While furniture retailers who maintain a “no dogs allowed” policy may risk alienating a few customers, explicitly declaring your business “pet-friendly” also comes with its own share of risks. The likelihood of in-store mishaps increases – from puddles on the floor to dog bites to pet hair on that white sofa. But, surprisingly, it’s those little puddles that may carry the biggest liability risk for businesses.
As unpleasant and harmful as they are for victims, potential dog-bite incidents on business premises do not pose significant liability risk. Most states have “strict liability” laws for owners of dogs that bite, which means the owner is automatically responsible for damages. Victims need not prove any negligence by the dog owner. The next-most-common statute is often referred to as “one bite,” which means a dog owner is not strictly liable for the dog’s first bite. In “one-free-bite” jurisdictions, dog owners are held strictly liable for subsequent bites.

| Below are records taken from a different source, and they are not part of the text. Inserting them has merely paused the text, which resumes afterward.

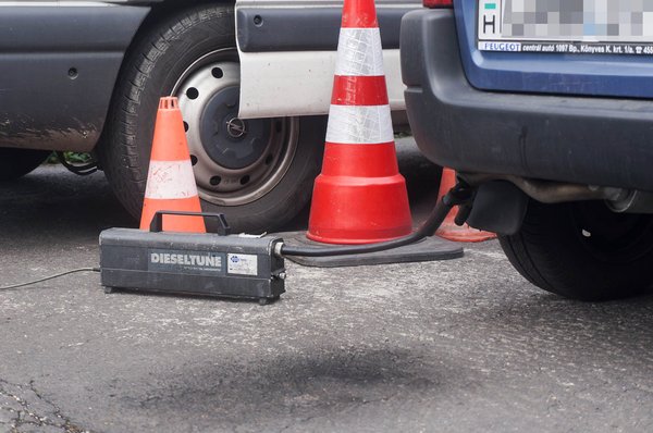 A pénteki vizsgálaton jöttek-mentek előttünk a dízel kisteherautók a budapesti Kacsóh Pongrác úton, több is látható fekete füstöt köpött az első gázadásra. A dízelmotorok egy része csak azért füstöl ilyenkor a kelleténél jobban, mert városban kis gázzal használják, ezért lerakódik a korom a kipufogórendszerükben. Ezen a jelenségen már a rendszeres autópályás körök is segíthetnek egy kicsit, illetve az, hogy a mérések előtt ezt néhány erőteljes gázadással szüntették meg. Ezért nem lepett meg senkit, hogy az útmenti vizsgálat végén koromfoltok jelezték az aszfalton a megmért autók nyomát.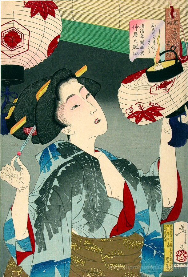 Ti offriamo una riproduzione artigianale su tela dell'opera famosa 'Guardando in grado - L'aspetto di un Kyoto Cameriera in epoca Me' di Tsukioka Yoshitoshi, dal Museo delle Riproduzioni.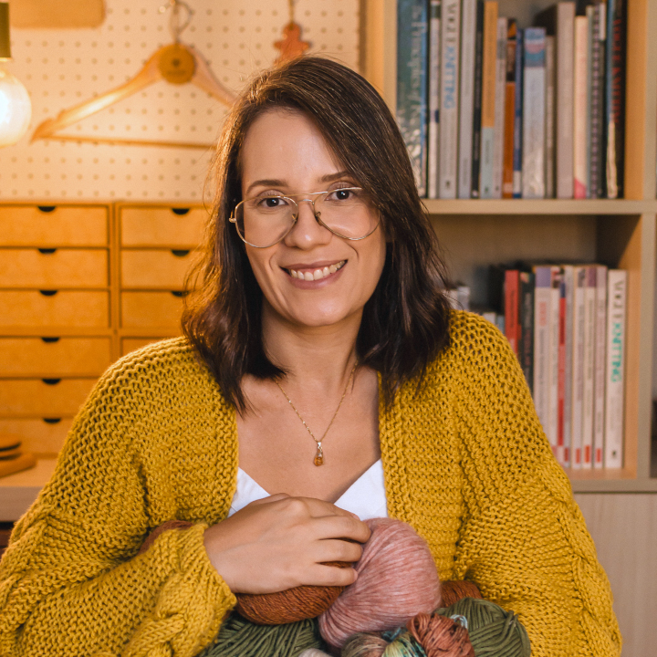 Meu trabalho nasce do encontro entre ensino, criação e comunidade, sempre com a intenção de tornar o tricô mais acessível, possível e presente no dia a dia.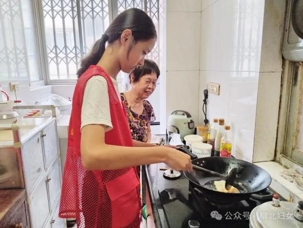 隨后,孩子們在志愿者的陪伴下走進了轄區(qū)老人的家中。他們洗碗、擇菜、整理雜物、淘米炒菜……小小的身影在廚房中忙碌地穿梭。香噴噴的飯菜端上了桌,祖孫般的溫情在歡聲笑語中彌漫開來。看著孩子們忙碌的身影,老人們的臉上洋溢著欣慰的笑容。這樣的互動不僅給老人送去了溫暖,更讓孩子們在實踐中體會到了孝老敬親的傳統(tǒng)美德,生動地展現(xiàn)了“一老一小”相互陪伴的社區(qū)溫情。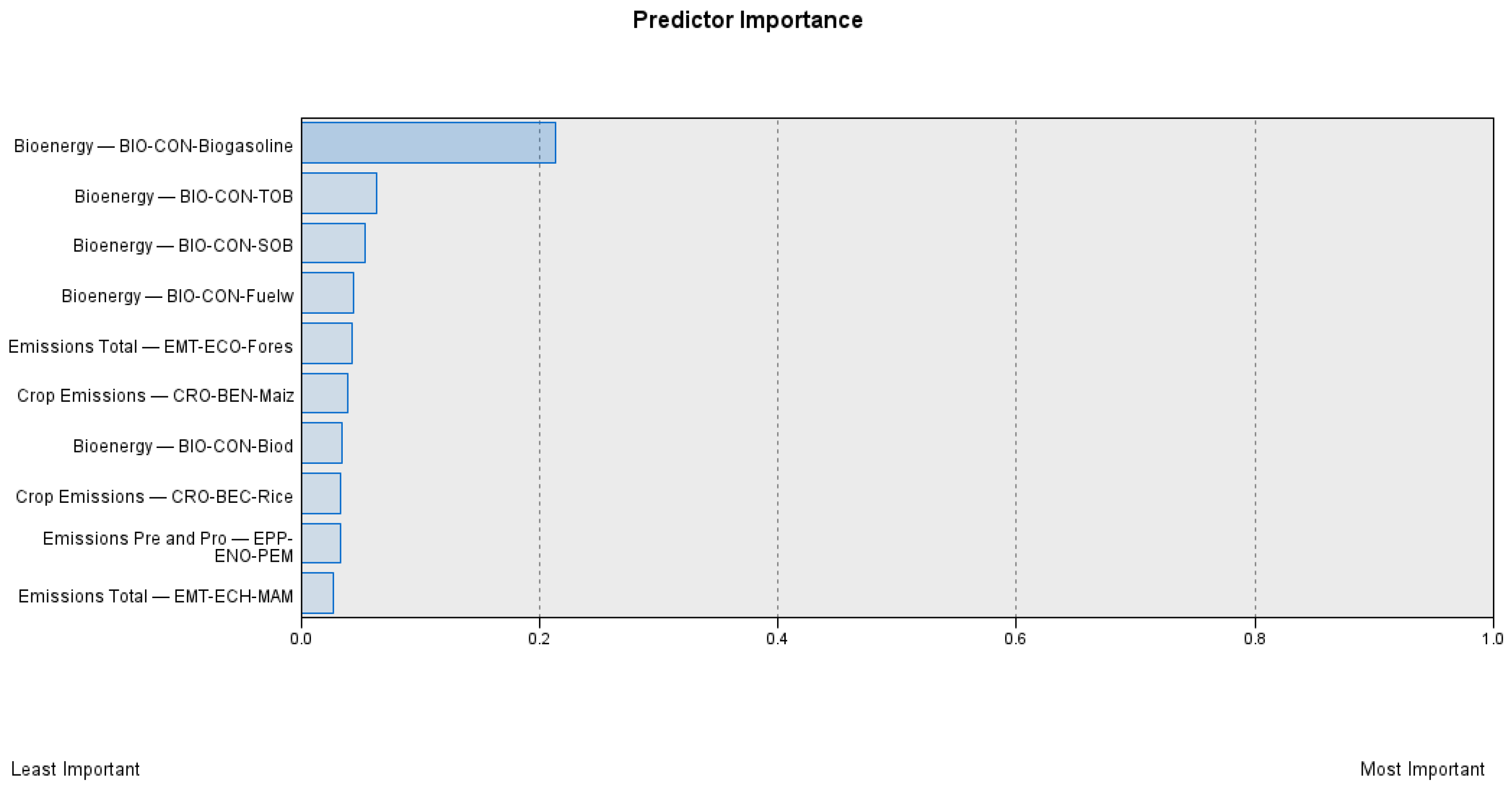 The most important predictors for bioenergy production in 2023. Note: Bioenergy BIO-CON-Biogasoline (bioenergy consumption-biogasoline, Tj); Bioenergy BIO-CON-TOB (total bioenergy consumption, Tj); Bioenergy BIO-CON-SOB (bioenergy consumption-solid biofuels, Tj); Bioenergy BIO-CON-Fuelw (bioenergy consumption-fuelwood, Tj); Emissions Total EMT-ECO-Fores (emissions CO2-forestland, kt); Crop Emissions CRO-BEN-Maiz (burning crop residues-emissions N2O-maize, kt); Bioenergy BIO-CON-Biod (energy consumption-biodiesel, Tj); Crop Emission CRO-BEC-Rice (burning crop residues-emissions CH4-rice, kt); Emissions Pre and Pro EPP-ENO-PEM (emissions N2O-pesticides manufacturing, kt); Emissions Total EMT-ECH-MAM (emissions CH4-manure management, kt).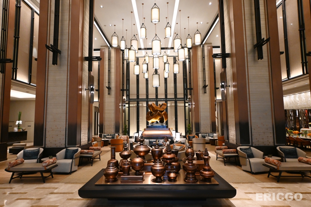 清邁萬豪飯店Chiang Mai Marriott Hotel的大廳風格非常優美,整體空間可見許多清邁古都蘭納王國的特色,懸掛的燈籠吊燈、大廳中央的古錢幣藝術裝置,金銅色調低調奢華不顯俗氣,走進大廳就能感受到不同凡響的五星級氣派。另外,清邁萬豪飯店的工作人員也相對非常專業細心,入住這幾天多次經過大廳都能感受到訓練有素的星級服務品質。(優惠房價查詢)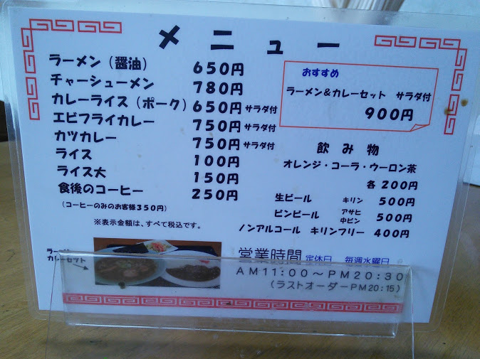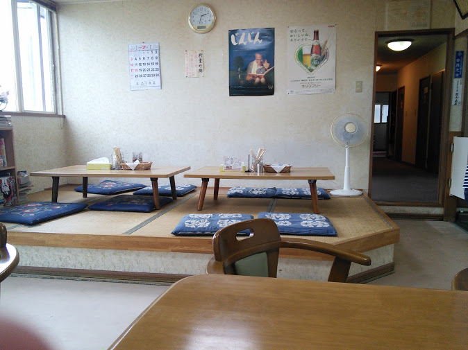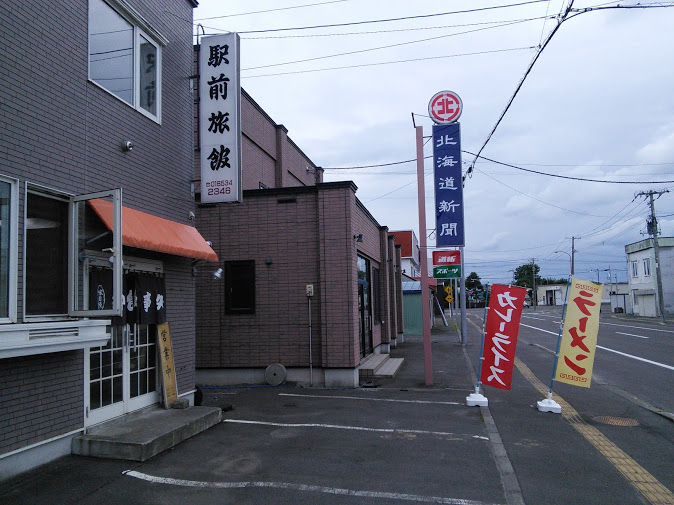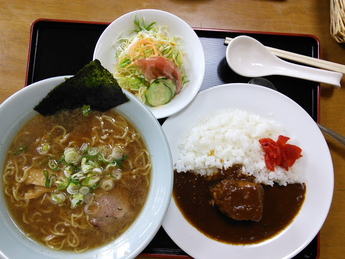 宗谷本線剣淵駅の駅前にある旅館だが、旅館だけでも儲からないので食堂を始めたとのこと。名物は何と言ってもカレーライスとラーメンのセット900円だ。900円と言うとラーメンと半ライスのセットが多いが、ここのセットは驚くなかれ、どちらもたっぷり一人前の大きさがある。加えてサラダもセットになっている。噂には聞いていたが、フルサイズのカレーライスと、フルサイズのラーメンとサラダが出てきたときには思わず笑ってしまう。しかもカレーライスの皿の真ん中には赤ちゃんのこぶし大の牛肉が鎮座ましている。トロトロに煮込んだビーフシチューと呼んでもよい代物だ。味も合格レベルでコスパ抜群なので、昼飯時はこの片田舎で混雑するらしい。食堂には4人掛けテーブル2と4人掛け座卓2の16人分の席があるが、混雑するときは旅館の客室も利用するらしい。我々が行ったのは土曜日の午後2時半頃だったので、他の客は皆無だった。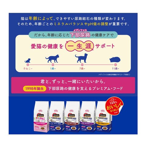 ●マグネシウムとカルシウムの適正バランス、尿pHのコントロール、高い消化吸収性など、それぞれの成長段階に最もふさわしい栄養設計をしています。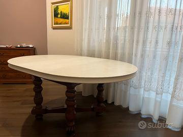 tutto legno. il piano è stato verniciato di bianco per fargli un aspetto meno antico. gli va data una ripassata di vernice (solo sul piano). il resto è perfetto.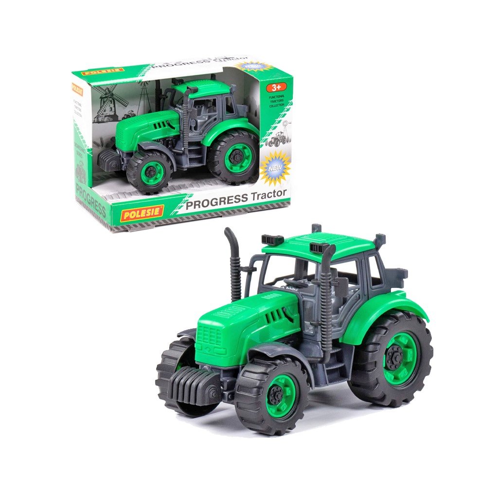 Traktor Progress z továrny Polesie je hračkou skutečného speciálního traktoru. Design traktoru je vyroben co nejpodrobněji, kapotu traktoru lze během hry zaaretovat v otevřené poloze pro opravu. Traktor je vybaven inerciálním mechanismem, který zvyšuje průchodnost na různých površích. Je zábavné hrát si s ním doma i venku. Hračka je dodávána ve světlé krabici.Doplňkové parametry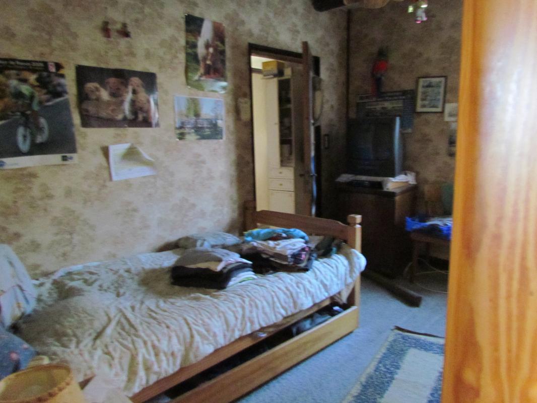 Elle se compose d’une entrée sur cuisine, trois chambres ( dont deux avec accès direct à la SBD ), une salle de bain, toilettes, combles, cave, et un terrain.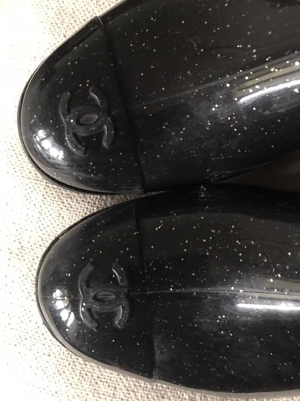 "Kalosze Chanel czarne ,w bardzo dobry stanie , rozmiar 39"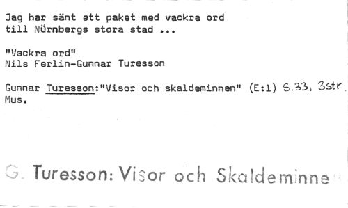 //// Jag har sänt ett paket med vackra ord till Närnbergs stora stad //// "Vackra ord" //// Nils Ferlin-Gunnar Turesson //// Gunnar Turesson:"Visor och skaldeminnen" (E:1) 6:33, 3str Mus. //// Turesson: Visor och Skaldetinne ////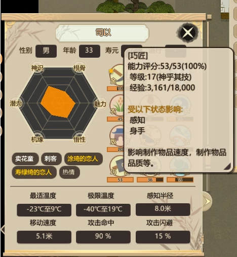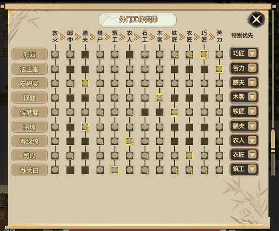 鐵匠、衣匠、巧匠:雖然這三項工作對應(yīng)的產(chǎn)出物品不同,但是這三項工作都會受到人物面板“巧匠”能力的影響,而產(chǎn)出物品的品質(zhì)則受到人物面板“雅藝”能力的影響。因此,在制作物品時,需要安排對應(yīng)能力較高的外門弟子來執(zhí)行。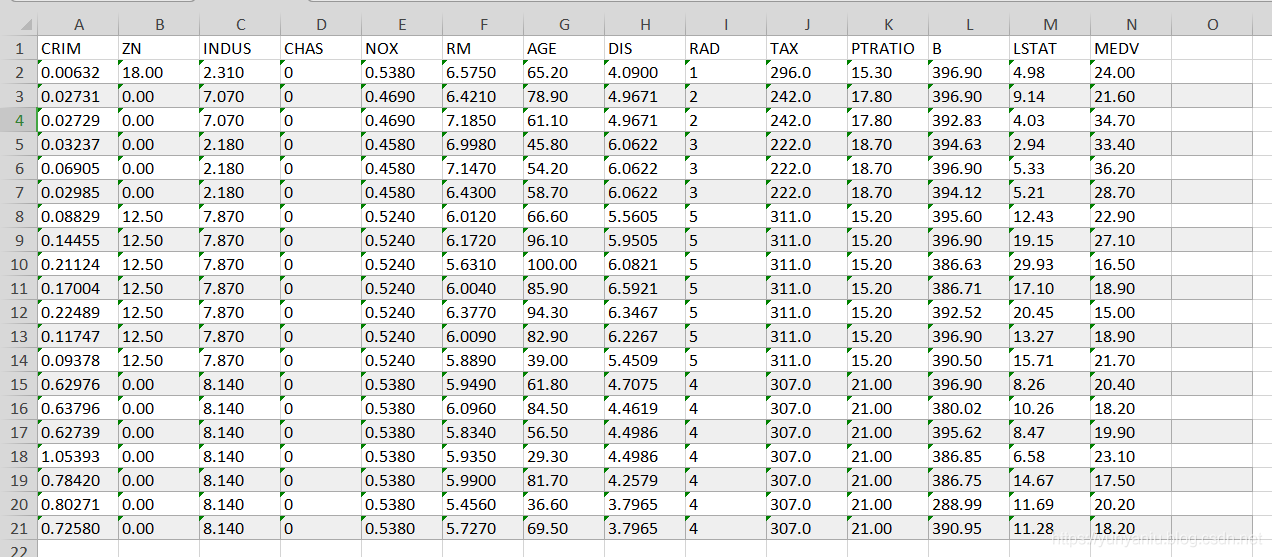 - MEDV - 自有住房的中位数报价, 单位1000美元 ------【自住房屋房价中位数】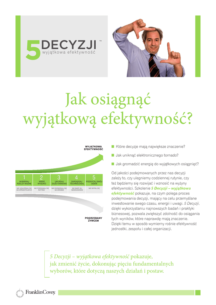 DECYZJI wyjątkowa efektywność Jak osiągnąć wyjątkową efektywność? WYJĄTKOWA EFEKTYWNOŚĆ K tóre decyzje mają największe znaczenie? J ak uniknąć elektronicznego tornado? J ak gromadzić energię do wyjątkowych osiągnięć? 1 2 3 4 5 WYBIERAJ RZECZY WAŻNE MIERZ WYSOKO UKŁADAJ DUŻE KAMIENIE ZARZĄDZAJ TECHNOLOGIĄ PODSYCAJ SWÓJ OGIEŃ NIE UZALEŻNIAJ SIĘ OD SPRAW PILNYCH NIE PODDAWAJ SIĘ RUTYNIE NIE ROZMIENIAJ SIĘ NA DROBNE NIE BĄDŹ JEJ NIEWOLNIKIEM NIE WYPAL SIĘ POGRZEBANY ŻYWCEM Od jakości podejmowanych przez nas decyzji zależy to, czy ulegniemy codziennej rutynie, czy też będziemy się rozwijać i wznosić na wyżyny efektywności. Szkolenie 5 Decyzji – wyjątkowa efektywność pokazuje, na czym polega proces podejmowania decyzji, mający na celu przemyślane inwestowanie swego czasu, energii i uwagi. 5 Decyzji, dzięki wykorzystaniu najnowszych badań i praktyki biznesowej, pozwala zwiększyć zdolność do osiągania tych wyników, które naprawdę mają znaczenie. Dzięki temu w sposób wymierny rośnie efektywność jednostki, zespołu i całej organizacji. 5 Decyzji – wyjątkowa efektywność pokazuje, jak zmienić życie, dokonując pięciu fundamentalnych wyborów, które dotyczą naszych działań i postaw. 1 2 3 4 5 WYBIERAJ RZECZY WAŻNE Nie uzależniaj się od spraw pilnych MIERZ WYSOKO Nie poddawaj się rutynie UKŁADAJ DUŻE KAMIENIE Nie rozmieniaj się na drobne ZARZĄDZAJ TECHNOLOGIĄ Nie bądź jej niewolnikiem PODSYCAJ SWÓJ OGIEŃ Nie wypal się W dzisiejszym świecie ludzie grzęzną w nawale e-maili, przytłoczeni oczekiwaniami, próbując zrobić coraz więcej, w coraz krótszym czasie. Uczestnicy 5 Decyzji dowiedzą się jak odsiać sprawy najwyższej wagi od tego, co ich rozprasza, aby skupić się na rzeczach naprawdę ważnych. Niemal każdy z nas chciałby dokonać czegoś wyjątkowego, jednak konflikt priorytetów często utrudnia uzyskanie nieprzeciętnych rezultatów. Uczestnicy 5 Decyzji definiują ponownie swoje role, wyznaczając ambitne cele w najważniejszych dla siebie obszarach. Zbyt duża presja codziennych zadań i obowiązków może sprawić, że poczujemy się bezsilni i nie będziemy panować nad tym, co robimy. Uczestnicy 5 Decyzji dowiadują się, w jaki sposób sprawować kontrolę nad swoim życiem. Dzięki umiejętnemu planowaniu i konsekwencji w realizacji zadań mają większe szanse, by osiągać znaczące wyniki. Elektroniczne tornado (e-maile, sms-y, powiadomienia na serwisach społecznościowych) zagraża efektywności bardziej niż cokolwiek przedtem. Uczestnicy 5 Decyzji wykorzystują technologię jako dźwignię. Dają odpór rozpraszającej ich technologicznej nawałnicy, optymalizując aplikacje (takie jak Microsoft® Outlook®), aby zwiększyć swoją efektywność. Presja wywierana przez współczesne środowisko pracy sprawia, że liczba ludzi, którzy ulegają wypaleniu zawodowemu, jest alarmująco wysoka. Kierując się „5 źródłami energii™, uczestnicy szkolenia korzystają z najnowszej wiedzy naukowej na temat funkcjonowania mózgu, aby systematycznie odnawiać swoją energię psychiczną i fizyczną. MATERIAŁY SZKOLENIOWE “Extraordinary productivity is not about time management, it’s about managing your decisions, attention, and energy.” —Leigh Stevens DECYZJI DECYZJI wyjątkowa efektywność wyjątkowa efektywność HIGIENA MÓZGU DECYZJI DECYZJI wyjątkowa efektywność KLUCZOWE CELE MATERIAŁY UCZESTNIKA DECYZJI wyjątkowa efektywność wyjątkowa efektywność BIUROWA NIRWANA MONOGRAFIA DECYZJI DECYZJI DECYZJI DECYZJI 4G 9:41 AM 5 CHOICES w y j ą t k o w a e f ewkytjyąwt knoow ś ća e f e wkytjyąw t knoowś a ć efektywność wyjątkowa efektywność PLANNER Portal the5choices.com Dostęp do testów samooceny oraz instrukcji, jak dostosować zawartość szkolenia do smartfonów, tabletów i aplikacji internetowych, takich jak Google Apps®. Podręcznik uczestnika Trzy dodatkowe moduły (krótkie filmy szkoleniowe) Fr an kli MATERIAŁY SZKOLENIOWE nC ov ey .A ll r igh ts r ese rved . Use re s t ric te ns d t o te r m s o f th e L i ce re e Ag em ent .F RA 11 04 59 Ve .6 © rs io n 1. 0 Become extraordinary BIUROWA HIGIENA KLUCZOWE NIRWANA CELE MÓZGU „Cele Kluczowe” Chris McChesney ekspert ds. skutecznej realizacji, FranklinCovey „Biurowa nirwana” Julie Morgenstern ekspert ds. efektywności osobistej autorka bestsellerów The New York Times Aplikacja 5 Decyzji (już wkrótce) Noś swoją produktywność w kieszeni 5 Decyzji – monografia Materiały szkoleniowe na DVD Notes „Higiena mózgu” dr Daniel Amen badacz układu nerwowego autor bestsellerów The New York Times Proces kształcenia liderów w firmie warto zacząć od szkolenia „7 Nawyków skutecznego działania”, które pomaga rozwijać kompetencje osobiste. Kolejnym krokiem w kształceniu liderów jest rozwinięcie ich umiejętności menedżerskich podczas szkolenia „W roli szefa”. Niezastąpione w podnoszeniu jakości przywództwa wśród doświadczonych menedżerów jest szkolenie „Przywództwo XXI wieku” – esencja najlepszych praktyk wybitnych liderów, owoc wieloletnich badań, prowadzonych przez Stephena Coveya i jego współpracowników. Więcej informacji na temat rozwiązań rozwojowych FranklinCovey można znaleźć na www.franklincovey.pl lub u naszych konsultantów: tel. (+48) 22 824 11 28, e-mail: [email protected]

In either case, whether an establishment has a “no dogs allowed” or “dogs are welcome” policy, the business owners are not strictly liable for dogs biting on their premises if they don’t own or control the dog. Merely allowing a dog on the premises is not enough to establish strict liability under dog-bite statutes. Therefore, the only way dog-bite victims may recover damages against businesses and/or their owners is to establish some negligence theory against them, such as proof that the business establishment knew or should have known that the dog was dangerous – if it had bitten another patron on a prior occasion, for example. So, by allowing dogs, businesses have little to lose, as far as bites go – unless, of course, the store owners bring their own dogs into the business, in which case the store owners are strictly liable for their dogs’ bites.
It’s only if a dog has an accident on the floor that things get sticky for a business, especially if someone is injured. Slippery floors present significant risk of slip-and-fall incidents for any business. While consumers expect spills on floors in markets or restaurants, which are required to regularly inspect the premises to eliminate dangerous conditions on their floors, reasonable shoppers don’t expect liquids or slippery solids on a furniture showroom floor.
That means if your store allows dogs inside, you need to heighten inspection protocols to make sure dog accidents are cleaned up as soon as possible so shoppers are not unreasonably exposed to risk of injuries from slip-and-fall incidents. When you invite dogs in, you must expect that some will have accidents on the floor. Consequently, you have a duty to maintain safe premises by scheduling regular inspections and, if necessary, clean-ups.
Insufficient inspections might expose a business to liability in a slip-and-fall case. Victims can successfully hold the owner responsible if they can establish notice – that the business knew about a dangerous condition or should have had a system in place to discover it.
Unless there is a clear marketing advantage, it may not be in your best interest to advertise that pets are welcome, because doing so means being held to a higher standard of safety and assuming an obligation to put strict inspection protocols in place. Still, there’s no reason to feel badly about saying no to Fido. Unless you’re willing to let them sleep on a loveseat, dogs probably get a lot more out of a trip to the dog park than they do from a trip to your store.